*WORK ORDER:*
The entries below are to be copied exactly, with every picture left out.

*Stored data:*
-- Opening Marker --

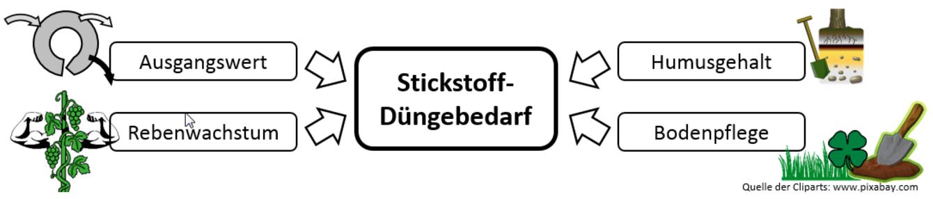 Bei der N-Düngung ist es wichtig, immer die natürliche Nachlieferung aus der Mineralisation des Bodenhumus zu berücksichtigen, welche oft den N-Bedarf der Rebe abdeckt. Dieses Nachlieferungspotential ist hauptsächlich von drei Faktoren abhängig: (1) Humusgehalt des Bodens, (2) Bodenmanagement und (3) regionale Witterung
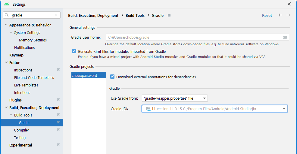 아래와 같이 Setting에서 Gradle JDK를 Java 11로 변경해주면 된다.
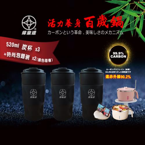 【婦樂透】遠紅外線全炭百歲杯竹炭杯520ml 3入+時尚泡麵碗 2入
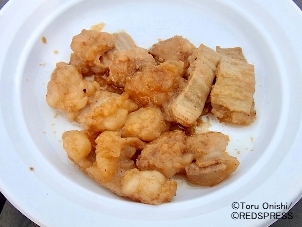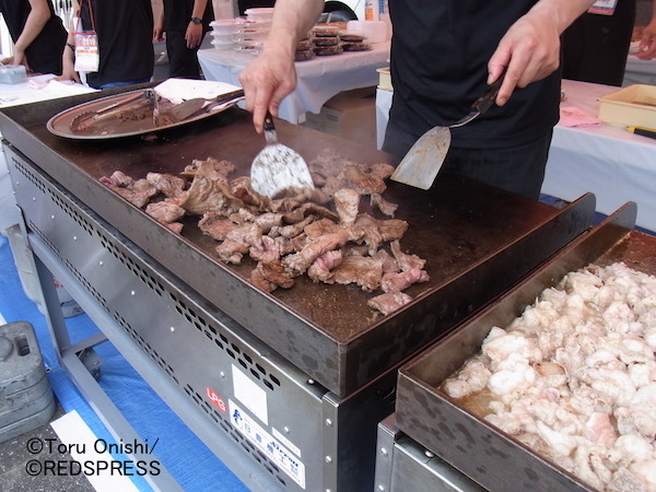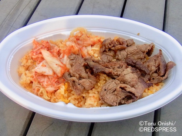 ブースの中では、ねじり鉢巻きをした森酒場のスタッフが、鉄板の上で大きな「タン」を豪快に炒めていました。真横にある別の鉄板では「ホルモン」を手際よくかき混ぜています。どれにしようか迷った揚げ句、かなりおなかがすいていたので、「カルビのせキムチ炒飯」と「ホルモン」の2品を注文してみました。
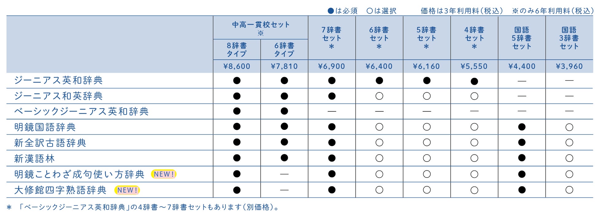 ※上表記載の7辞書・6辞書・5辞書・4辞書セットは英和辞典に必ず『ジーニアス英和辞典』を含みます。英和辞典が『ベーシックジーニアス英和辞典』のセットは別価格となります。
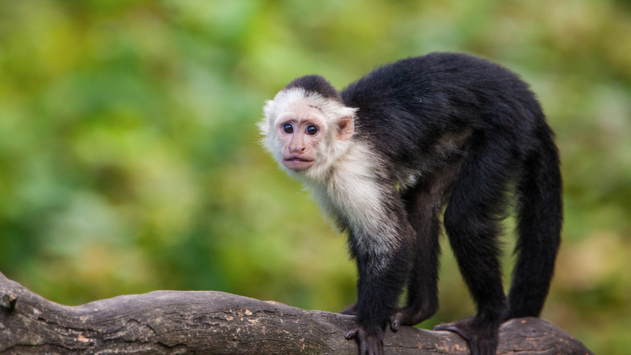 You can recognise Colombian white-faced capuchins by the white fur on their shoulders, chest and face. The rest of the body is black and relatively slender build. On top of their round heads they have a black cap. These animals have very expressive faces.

-- Closing Marker --

*RESPONSE:*
 Bei der N-Düngung ist es wichtig, immer die natürliche Nachlieferung aus der Mineralisation des Bodenhumus zu berücksichtigen, welche oft den N-Bedarf der Rebe abdeckt. Dieses Nachlieferungspotential ist hauptsächlich von drei Faktoren abhängig: (1) Humusgehalt des Bodens, (2) Bodenmanagement und (3) regionale Witterung
 아래와 같이 Setting에서 Gradle JDK를 Java 11로 변경해주면 된다.
 【婦樂透】遠紅外線全炭百歲杯竹炭杯520ml 3入+時尚泡麵碗 2入
 ブースの中では、ねじり鉢巻きをした森酒場のスタッフが、鉄板の上で大きな「タン」を豪快に炒めていました。真横にある別の鉄板では「ホルモン」を手際よくかき混ぜています。どれにしようか迷った揚げ句、かなりおなかがすいていたので、「カルビのせキムチ炒飯」と「ホルモン」の2品を注文してみました。
 ※上表記載の7辞書・6辞書・5辞書・4辞書セットは英和辞典に必ず『ジーニアス英和辞典』を含みます。英和辞典が『ベーシックジーニアス英和辞典』のセットは別価格となります。
 You can recognise Colombian white-faced capuchins by the white fur on their shoulders, chest and face. The rest of the body is black and relatively slender build. On top of their round heads they have a black cap. These animals have very expressive faces.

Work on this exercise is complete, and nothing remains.